2008: Unser Reiseprogramm wird mit wirklichen Schmuckstücken wie Spitzbergen, Botswana, Madagaskar und Namibia vervollständigt. Wir setzten die Neudefinition von Naturreisen in Form einer neuen Internetseite um, welche 2009 online gestellt wird. Wir machen aus Innovation unser Motto und die ersten Entwurfsideen eines Reisemagazins werden aufgeschrieben.

2009: Planeta Verde geht online. Im März erscheint die erste Ausgabe unseres Reise- und
Kundenmagazins „Aldabra“, das einen Katalog an ausgesuchten Reisen präsentiert. Titelthema des Magazins ist der Inselstaat Madagaskar. Weitere ausführliche Berichte behandeln attraktive Reiseziele wie Galapagos oder Spitzbergen. Das Magazin ist kein Werbeprospekt, sondern eine hochwertige Publikation. Die informativen Artikel wurden von Journalisten verfasst und legen gleichermaßen bekannte wie vielleicht auch unvermutete Aspekte der Zielorte offen. „Aldabra“ entwickelt sich zu einem Erfolg.

2010: Wir nehmen die unter deutscher Reiseleitung stehende Lodge-Safari Botswana in unser Programm auf. Zudem bieten wir zum ersten Mal eine Tour in das brasilianische Pantanal an: Hier können unsere Kunden wilde Jaguare beobachten. Und noch eine Zugabe: Planeta Verde präsentiert eine ausgefall ene Expedition in den nur schwer zugänglichen Hemis-Nationalpark in Ladakh. Es gilt, die Welt des scheuen Schneeleopard kennenzulernen.

2011: Nach dem Erfolg der ersten „Aldabra“-Ausgabe veröffentlicht Planeta Verde die zweite
Ausgabe des Reisemagazins.
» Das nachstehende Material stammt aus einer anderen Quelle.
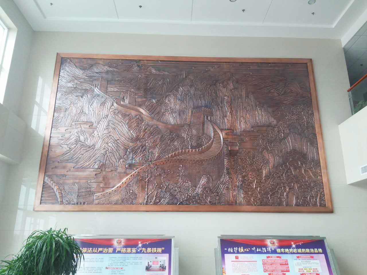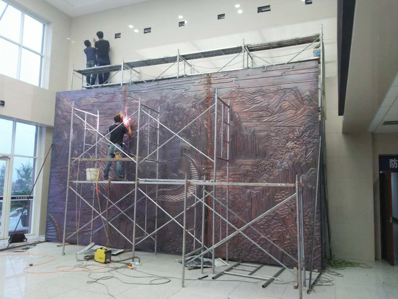 大型鍛銅浮雕——長(zhǎng)城安裝完成。
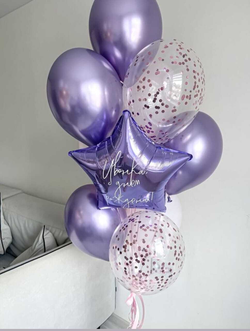 - Фотан из 9 шаров: 1 фольгированная звезда с индивидуальной надписью, 4 хром, 2 конфетти, 2 латексные
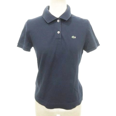ラコステ LACOSTE ポロシャツ 半袖 ワンポイント ロゴ 薄手 40 Mサイズ 紺 ネイビー レディース
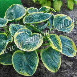 Шуга Дэдди: высота до 50 см. Листья большие, гофрированные, чашевидной формы, голубые с широкой неравномерной кремово-желтой каймой.
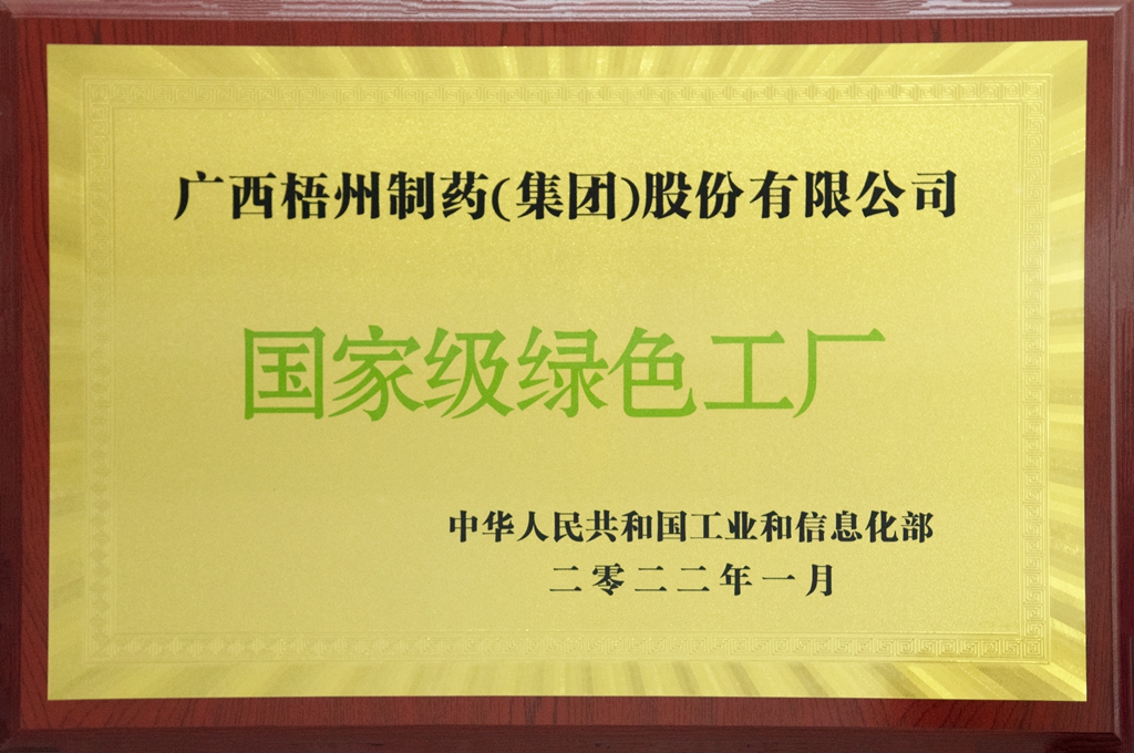 廣西梧州制藥(集團(tuán))股份有限公司榮獲2022年國家級(jí)綠色工廠
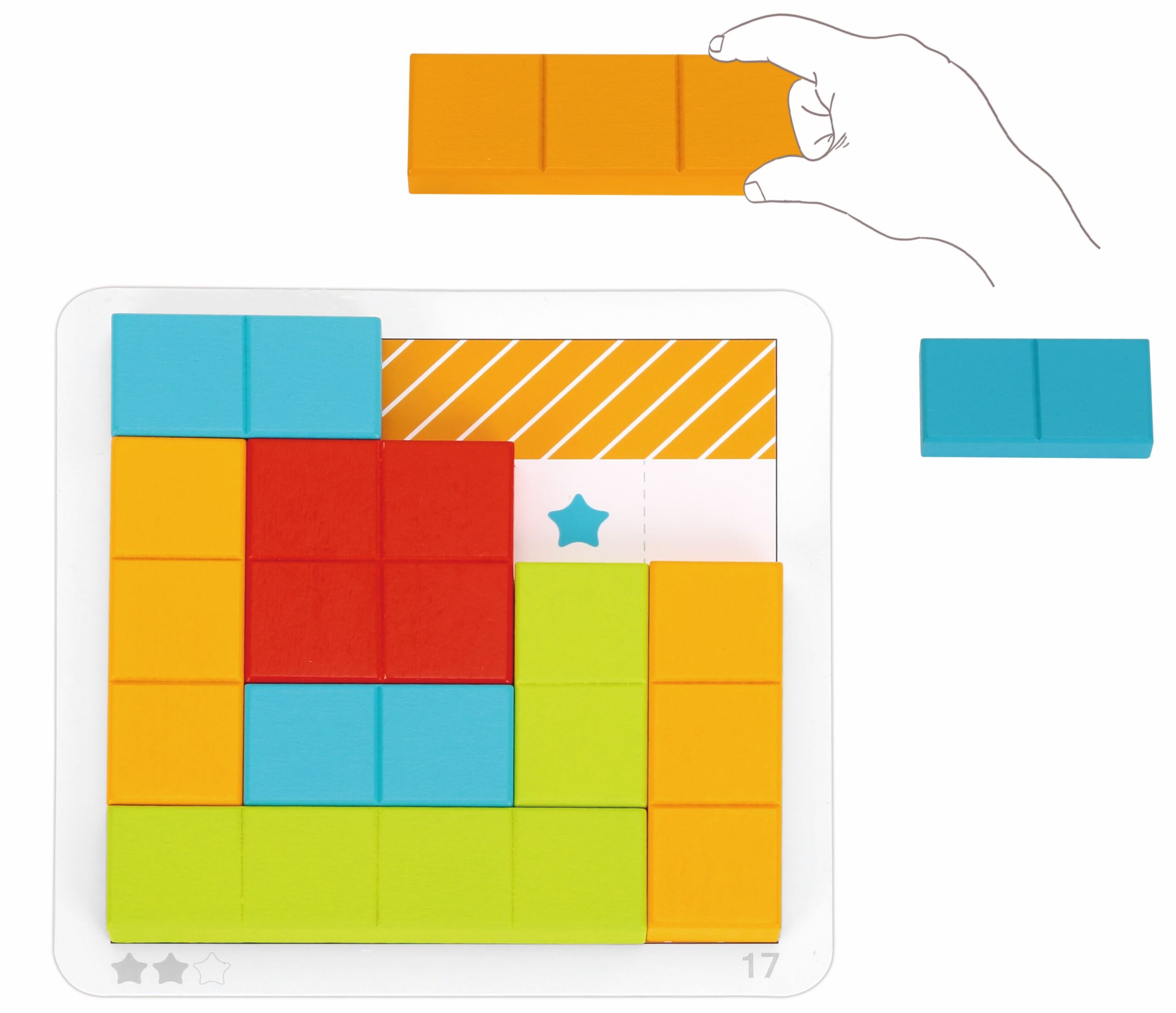 С нея децата ще развият своята логика и мислене. В комплектът има карти с нивата, които детето трябва да мине и дървени блокчета с различен цвят и брой квадратчета.
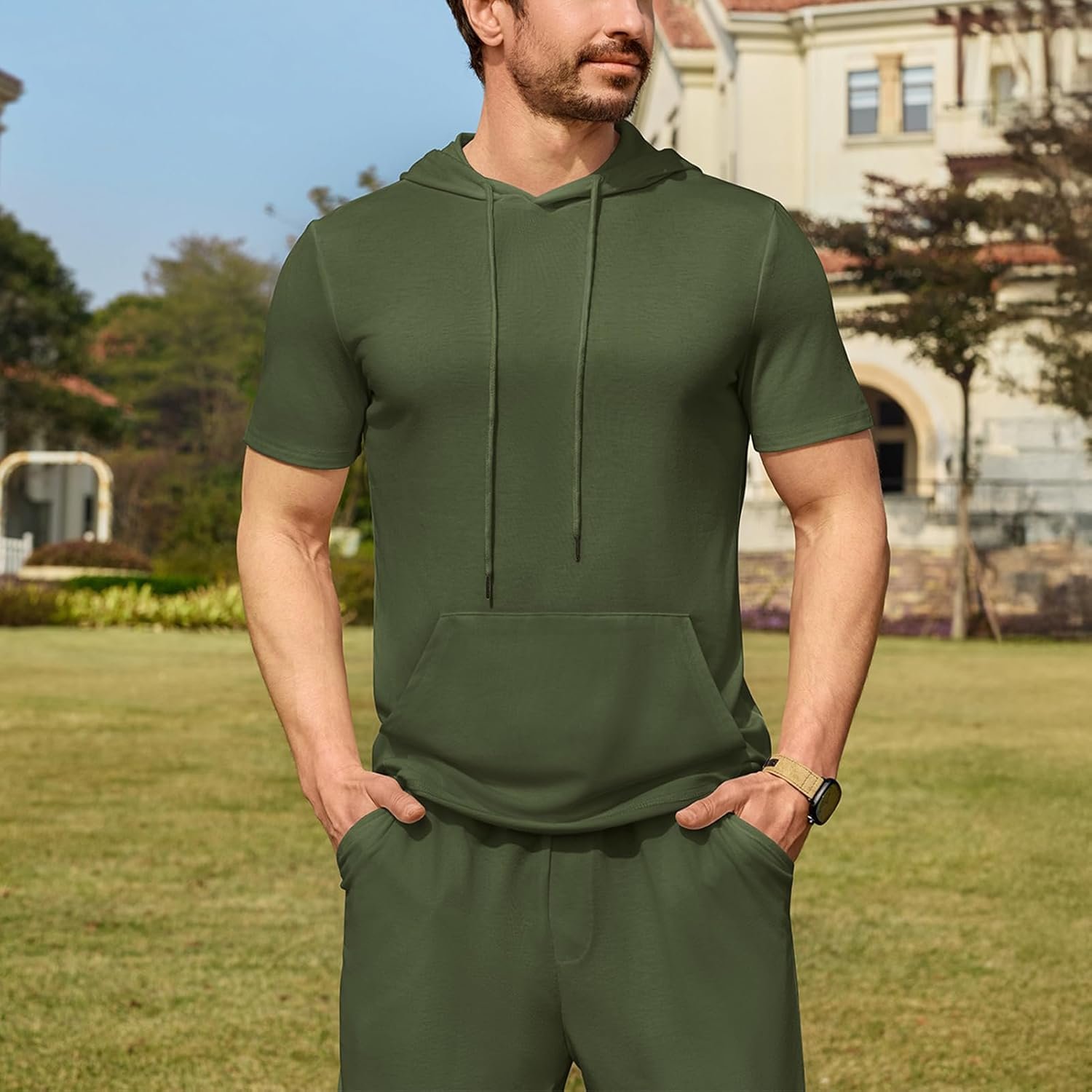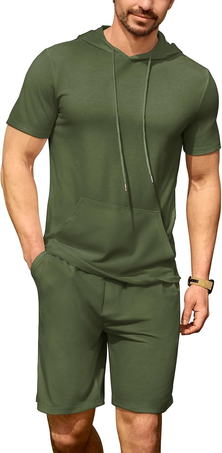 - INNOVATIVE DESIGN??This two-piece set includes a short-sleeve hoodie with a drawstring hood, allowing you to adjust the fit for added comfort. The shorts are equipped with convenient side pockets and an elastic waistband with an adjustable drawstring, offering both functionality and ease. The fabric??s breathability ensures you stay cool and stylish no matter what you??re doing.
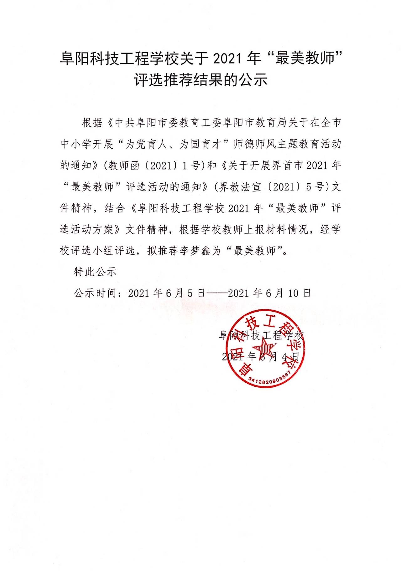 阜阳科技工程学校关于2021年”最美教师”评选推荐结果的公示
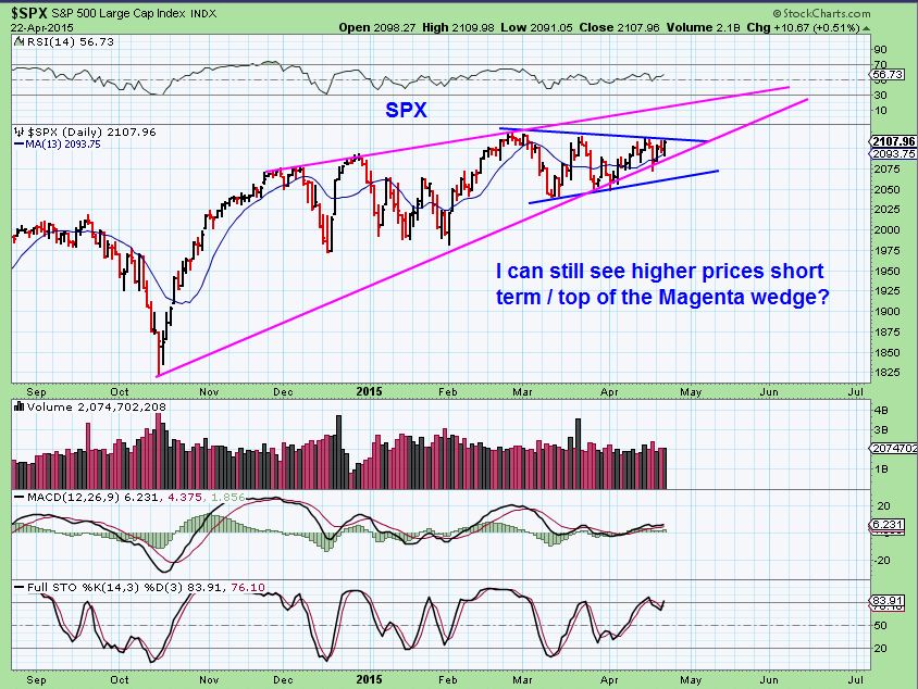 SPX futures are down as I write, but there is still upside possibility short term, if this breaks out.
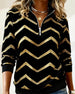 V-Ausschnitt Shirt mit Laternenärmeln und Pailletten
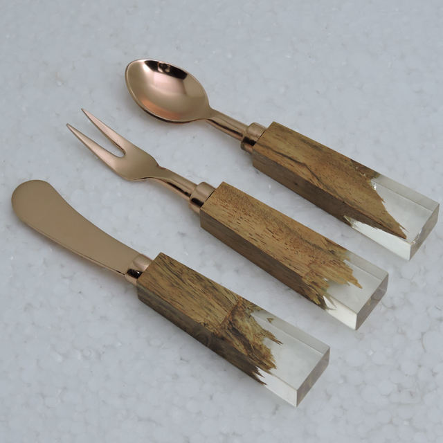 Couverts dernier modèle manche en résine et bois et acier inoxydable avec ustensiles de cuisine plaqués or de haute qualité
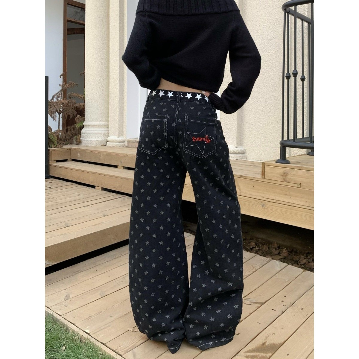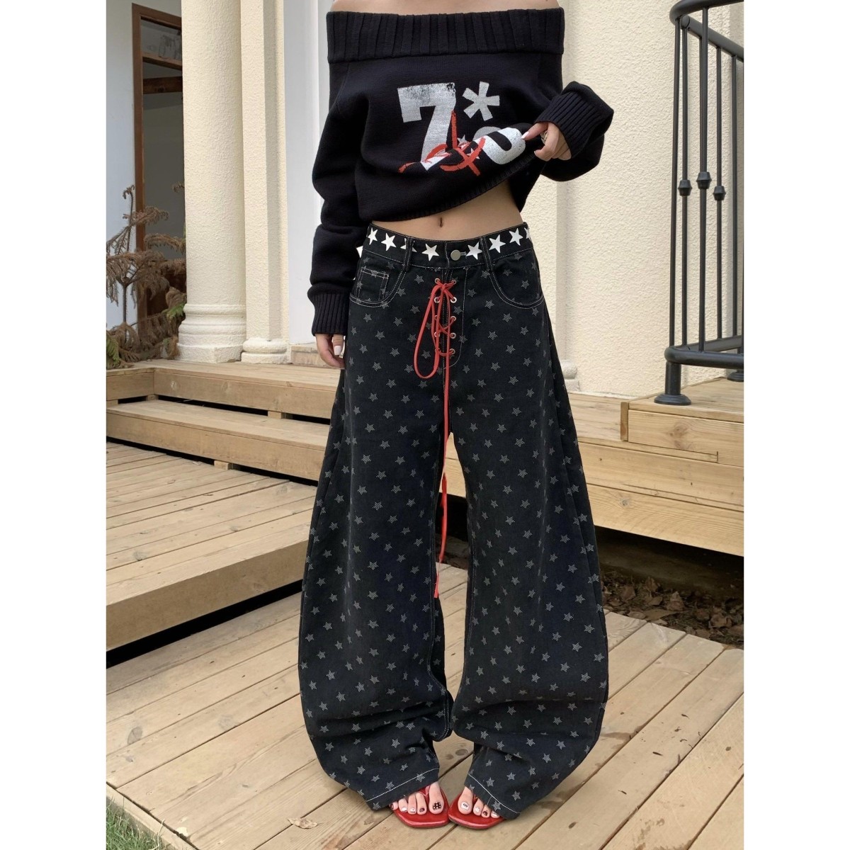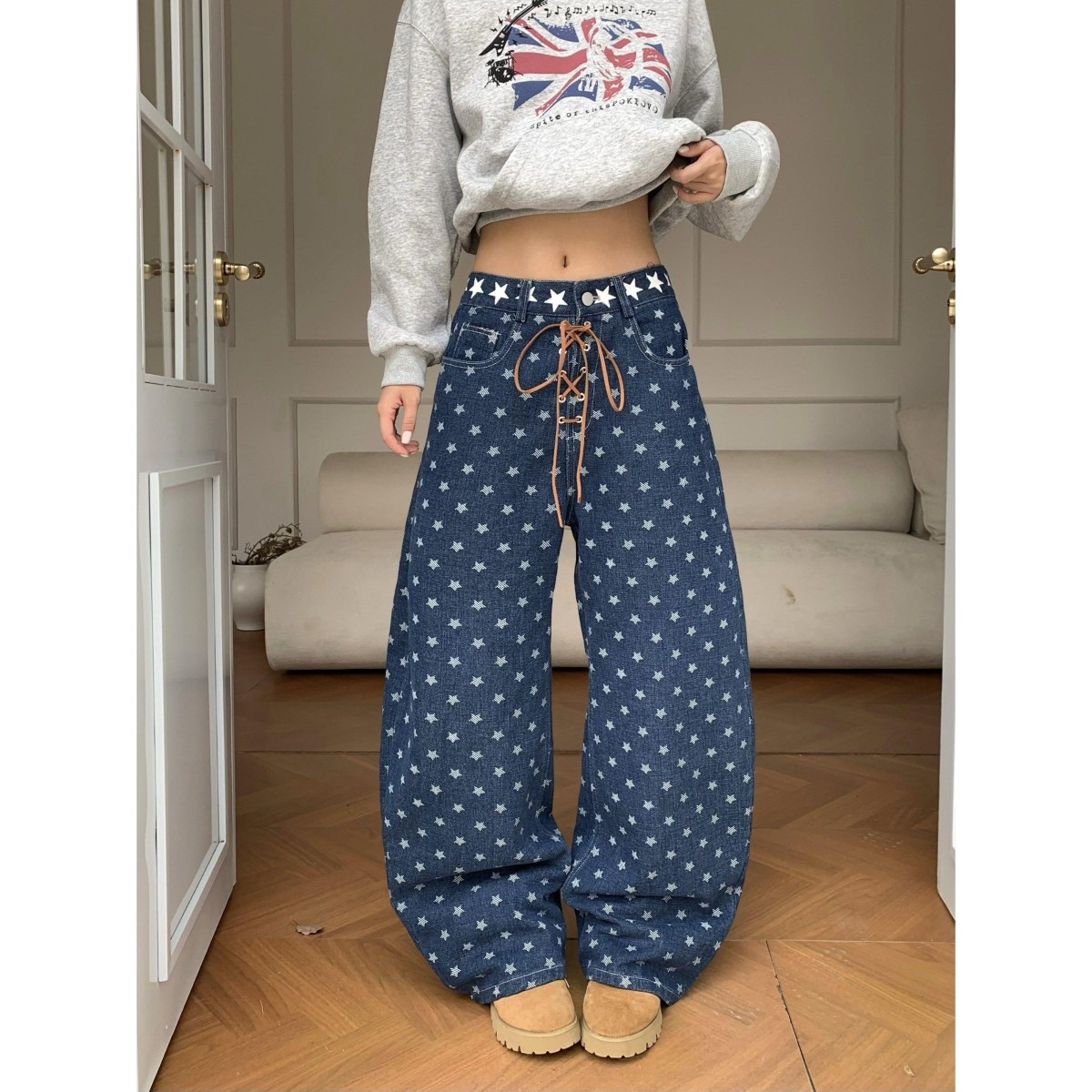 📚 美式复古星星满印绑带弯刀牛仔裤女秋季新款设计感显瘦直筒拖地裤
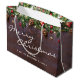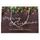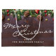 Bolsa de regalo de navidad personalizado con fondo de madera oscura, ramas de árboles de navidad festiva, decoración de árboles rojos y dorados, conos de pino y luces de cuerda.
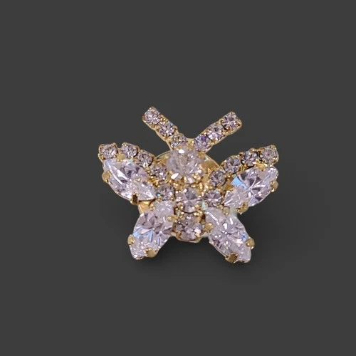 Unmarked Butterfly Rhinestone Brooch Pin Gold Tone 7/8 in Crystal Lapel Pin

Schwerpunkt des Hefts: das brasilianische Pantanal. Daneben
berichtet das Team über die Orang-Utans auf Borneo sowie recht unbekannte Reiseperlen wie Gabun und São Tomé. Das Programm wird durch die neuen Reiseziele Sambia und Uganda ergänzt, wobei es sich bei der Kurzsafari nach Uganda um eine Low-Budget-Reise handelt. Reisebuchautor und Journalist Thomas Bauer bereist 2011 mit uns den Hemis-Nationalpark in Ladakh. Es gelingt, gleich zweimal einen Blick auf die scheuen Schneeleoparden zu werfen. Thomas Bauer hat über diese Expedition ein Reisebuch geschrieben, das 2012 veröffentlicht wird.